What are the rhythms by which we live our lives? A year. A month. A week. A day. An hour. A minute. A second. All of these rhythms move in circles, and some of them specifically offer themselves as ways of measuring ourselves. Every birthday, or New Year’s Day, or anniversary of a death of a wedding, we are able to compare where we are now to where we were a year ago. We might think of our finances in terms of months – each bank statement shows ingoings and outgoings since the last. Perhaps most obviously, the days of the week come around almost before we know it – how much have we got done since it was last Monday morning? And, Christ, is it nearly the end of February already?
What J, the story, does, is map a lifetime onto a year, in the manner of a time-lapse film of a flower blooming, or clouds whizzing over the desert. J doesn’t know when she is going to die, but I do – on December 31 2013, at the age of 80, or thereabouts. Divide 365 by 80 and you get 4.5, meaning that J ages a year every four-and-a-half days. Not that the narrative sticks to that like glue, and nor does it necessarily give the reader regular time checks, but it’s a guide.
A day is a 365th of a life.
A week is a year and a bit.
A month is about seven years.
Today, Thursday 21 February, is the 52nd day of the year, and J is eleven and a half, a year or so older than my eldest sons. Map a year onto a week and it has just turned Tuesday. My character has had a seventh of her allotted life.

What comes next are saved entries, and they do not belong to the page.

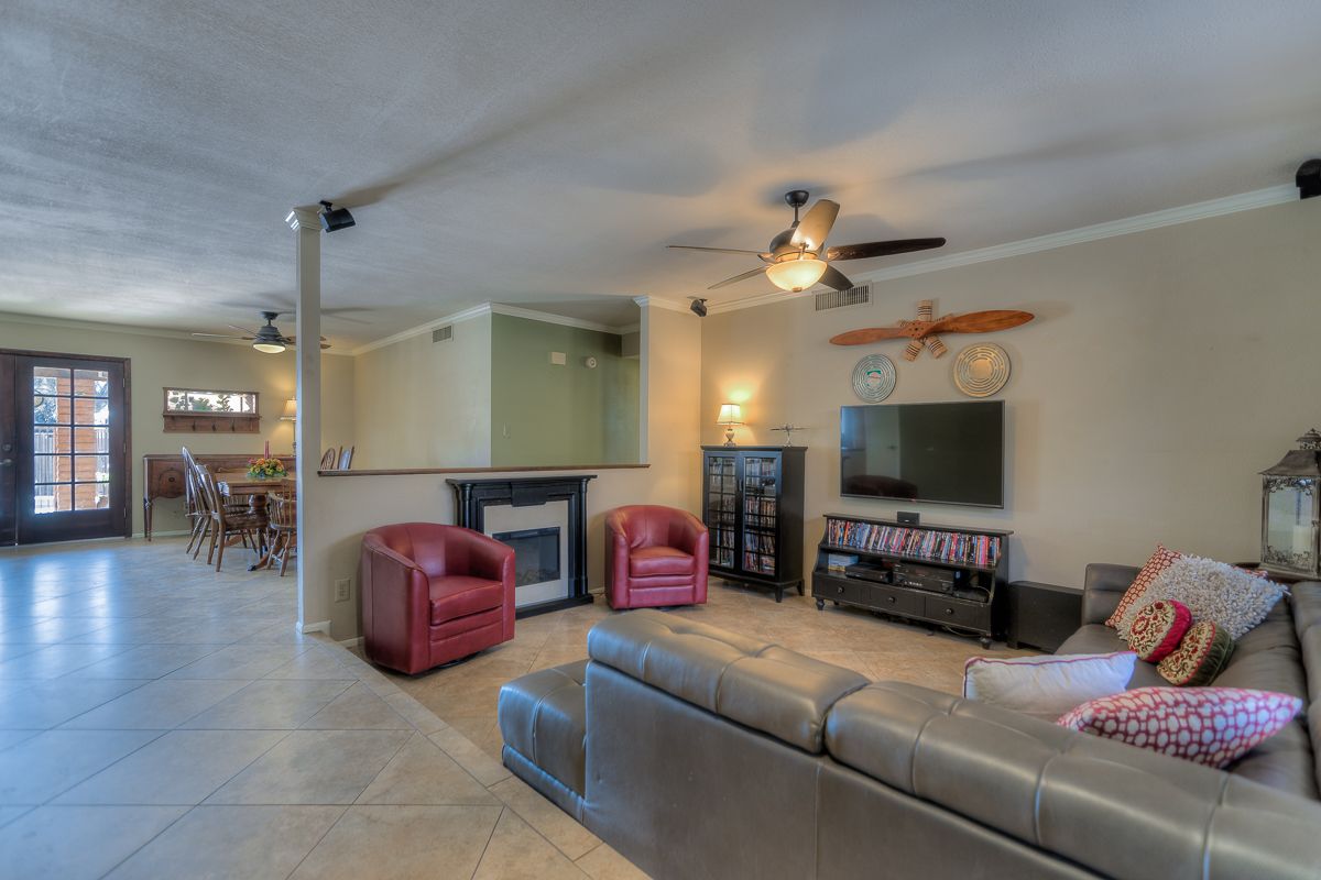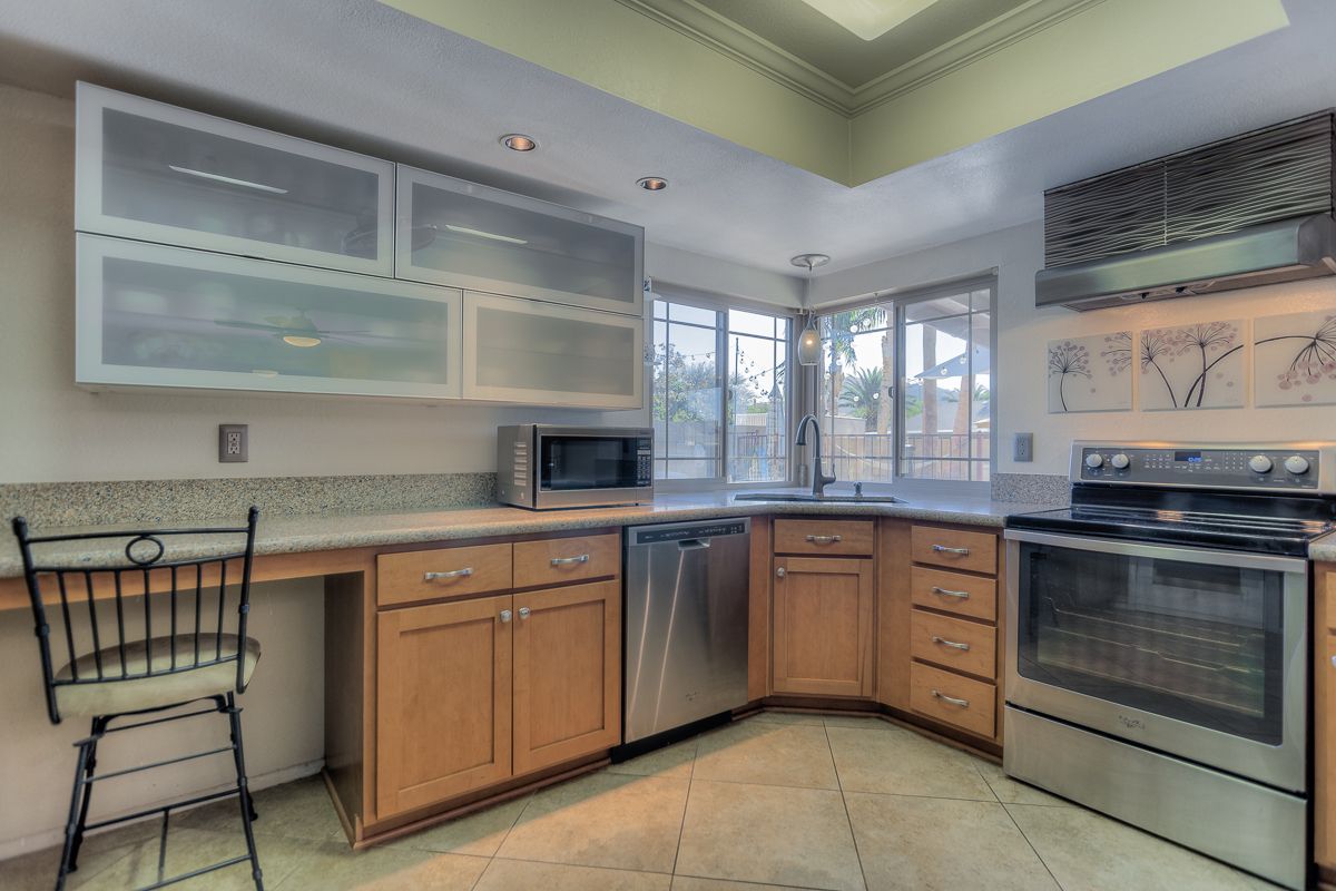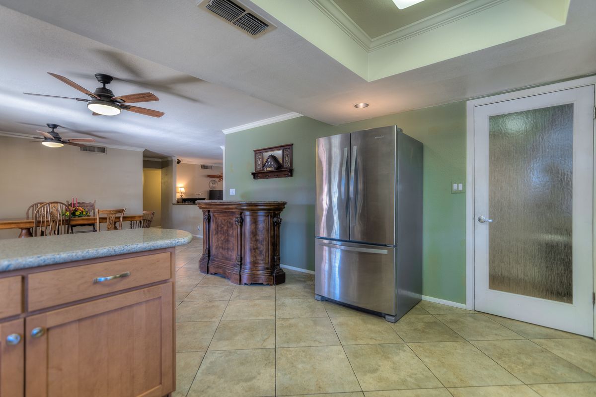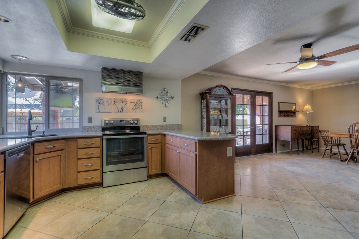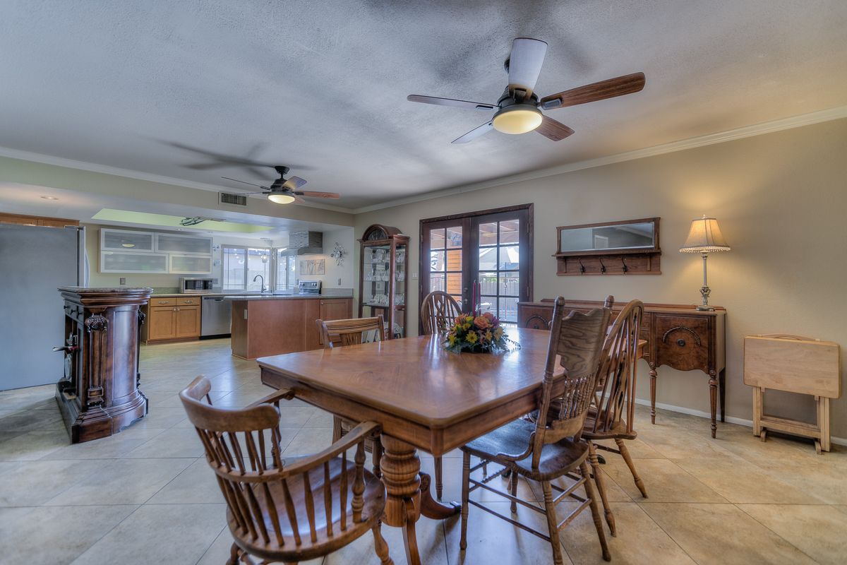 With a low maintenance front yard and on nearly a quarter acre lot, this home with traditional brick entryway features a sunken formal living room framed by a decorative half wall and a large dining or family room opening up into the eat-in kitchen with double doors and corner window with a view of the fenced pool, grassy lawn and several seating areas for welcoming friends and family. The kitchen includes quartz countertops and stainless steel appliances.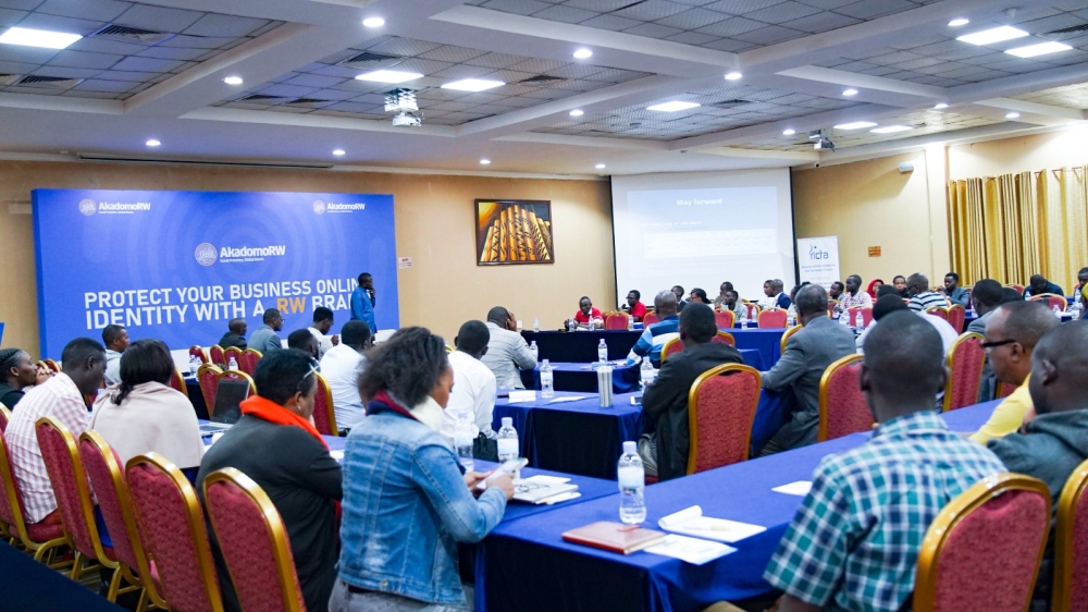 Rwandan business owners being mobilised on the importance of using dot RW domains during an event that took place at Lemigo Hotel on February 23. Courtesy photo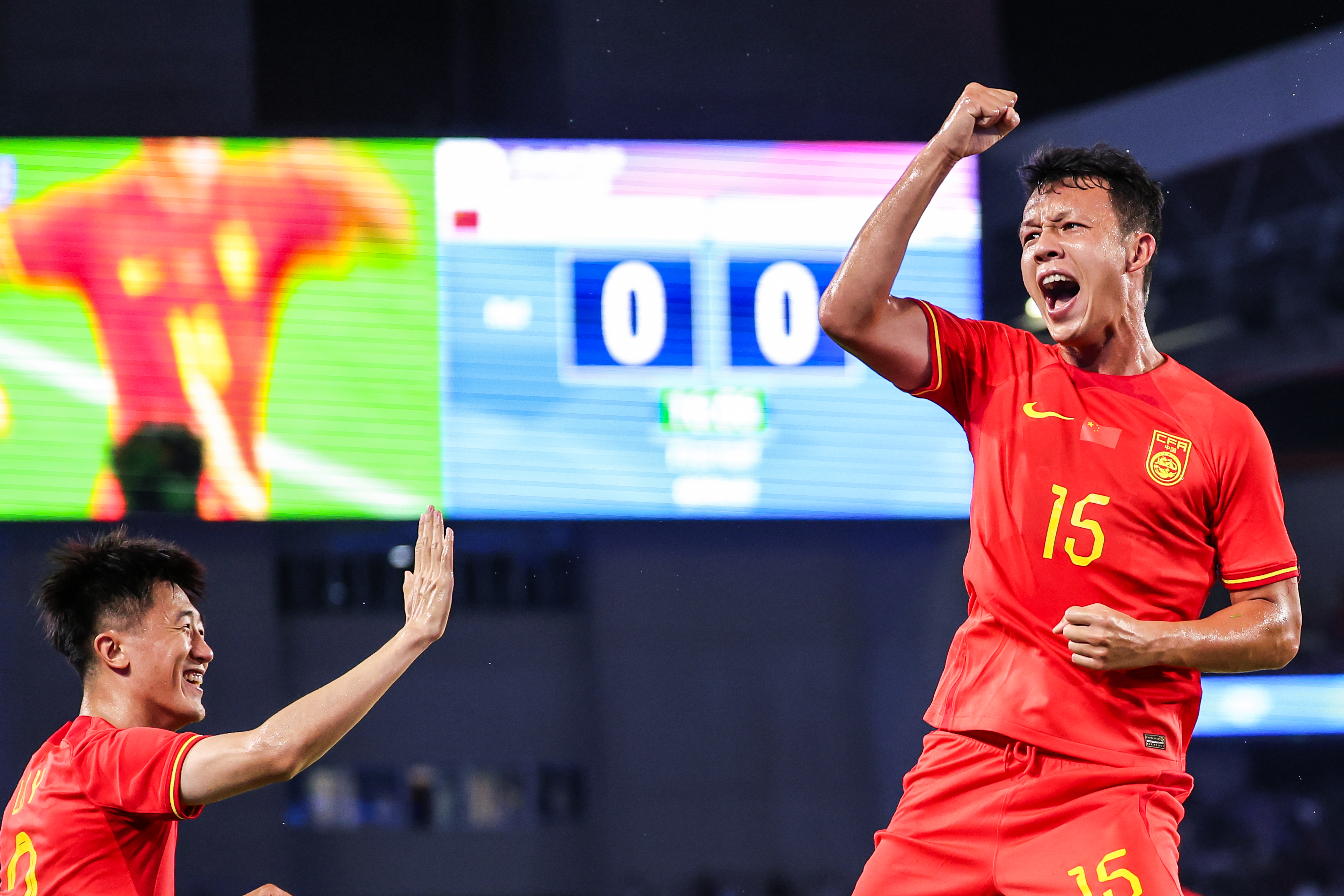 9月19日晚,亚运会男足小组赛,中国队旗开得胜,高天意(右)庆祝进球。 杭州亚运会供图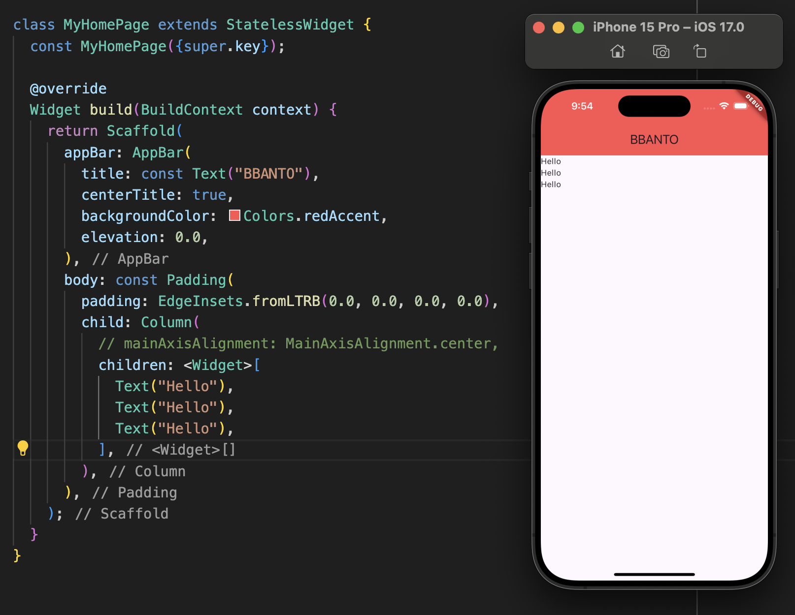 body의 속성을 Center로 설정하고 mainAxisAlignment 속성을 주지 않으면 위와 같이 Center로 정렬 됩니다.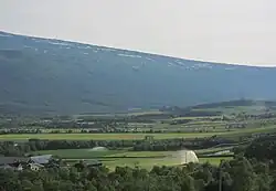 The Gudbrandsdalen valley includes the most arid area in Norway. In Skjåk Municipality the average annual precipitation is only 278 millimetres (10.9 in).[13] The valley sits in the rain shadow of the mountains west (including Jotunheimen), north, and east of the valley.[14] The valley is less incised than the valleys of western Norway.[15] Farming is mostly confined to the relatively narrow areas along the rivers. Gudbrandsdalen and adjacent valleys are surrounded by wide uplands and mountain plateaus traditional used as seter or summer farms.[7]

She will overtake me at the end of June. That’s when she (and I, if I were her) will have lived half of her allotted life.
The future I see for Twitter fiction is not about cramming a narrative into 140 characters, but about hijacking the way our online lives offers new loops and rhythms for us to measure our lived lives by. People used to fantasise that one day we would wear computers on our wrists like watches. Then people started to remark that no one wears watches any more, so dependent are we on our phones. But really, our online phones help us navigate time in many more subtle ways than simply telling us what time it is.